Adversarial learning is a widely used technique in fair representation learning to remove the biases on sensitive attributes from data representations. It usually requires to incorporate the sensitive attribute labels as prediction targets. However, in many scenarios the sensitive attribute labels of many samples can be unknown, and it is difficult to train a strong discriminator based on the scarce data with observed attribute labels, which may lead to generate unfair representations.
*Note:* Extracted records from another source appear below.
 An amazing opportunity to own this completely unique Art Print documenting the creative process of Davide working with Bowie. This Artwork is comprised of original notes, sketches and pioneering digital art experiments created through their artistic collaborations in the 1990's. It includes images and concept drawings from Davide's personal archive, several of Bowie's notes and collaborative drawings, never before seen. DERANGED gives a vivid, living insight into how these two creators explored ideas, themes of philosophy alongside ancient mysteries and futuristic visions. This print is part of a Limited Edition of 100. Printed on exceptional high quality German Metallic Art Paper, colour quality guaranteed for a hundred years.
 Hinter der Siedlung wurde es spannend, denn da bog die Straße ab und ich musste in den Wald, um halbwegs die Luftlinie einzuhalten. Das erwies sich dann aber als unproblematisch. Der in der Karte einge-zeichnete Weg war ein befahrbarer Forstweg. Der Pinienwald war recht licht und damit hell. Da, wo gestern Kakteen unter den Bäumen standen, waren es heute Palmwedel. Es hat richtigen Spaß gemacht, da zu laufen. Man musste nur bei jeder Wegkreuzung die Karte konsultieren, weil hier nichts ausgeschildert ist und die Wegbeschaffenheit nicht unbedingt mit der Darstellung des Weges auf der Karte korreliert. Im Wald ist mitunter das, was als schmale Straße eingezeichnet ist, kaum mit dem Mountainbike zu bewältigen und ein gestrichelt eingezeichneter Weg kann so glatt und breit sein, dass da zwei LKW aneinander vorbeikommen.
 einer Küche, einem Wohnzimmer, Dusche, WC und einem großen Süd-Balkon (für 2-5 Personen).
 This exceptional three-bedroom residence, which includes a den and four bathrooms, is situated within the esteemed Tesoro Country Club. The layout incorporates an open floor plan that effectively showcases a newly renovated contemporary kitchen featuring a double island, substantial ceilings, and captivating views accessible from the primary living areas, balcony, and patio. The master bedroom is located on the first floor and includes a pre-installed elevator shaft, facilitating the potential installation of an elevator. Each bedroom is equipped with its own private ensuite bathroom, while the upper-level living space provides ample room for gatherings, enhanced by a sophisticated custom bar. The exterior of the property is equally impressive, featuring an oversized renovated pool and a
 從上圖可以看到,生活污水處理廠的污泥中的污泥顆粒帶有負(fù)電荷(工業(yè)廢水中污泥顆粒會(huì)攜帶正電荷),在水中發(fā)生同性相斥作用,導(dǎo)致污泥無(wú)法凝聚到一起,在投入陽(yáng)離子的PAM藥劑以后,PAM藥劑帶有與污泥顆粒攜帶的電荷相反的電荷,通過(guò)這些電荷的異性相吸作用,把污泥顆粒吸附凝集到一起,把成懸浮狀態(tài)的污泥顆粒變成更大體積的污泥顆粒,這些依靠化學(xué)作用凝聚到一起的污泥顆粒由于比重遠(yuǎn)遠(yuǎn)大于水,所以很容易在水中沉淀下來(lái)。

In this paper, we propose a semi-supervised fair representation learning approach based on adversarial variational autoencoder, which can reduce the dependency of adversarial fair models on data with labeled sensitive attributes. More specifically, we use a bias-aware model to capture inherent bias information on sensitive attribute by accurately predicting sensitive attributes from input data, and we use a bias-free model to learn debiased fair representations by using adversarial learning to remove bias information from them. The hidden representations learned by the two models are regularized to be orthogonal. In addition, the soft labels predicted by the two models are further integrated into a semi-supervised variational autoencoder to reconstruct the input data, and we apply an additional entropy regularization to encourage the attribute labels inferred from the bias-free model to be high-entropy. In this way, the bias-aware model can better capture attribute information while the bias-free model is less discriminative on sensitive attributes if the input data is well reconstructed. Extensive experiments on two datasets for different tasks validate that our approach can achieve good representation learning fairness under limited data with sensitive attribute labels.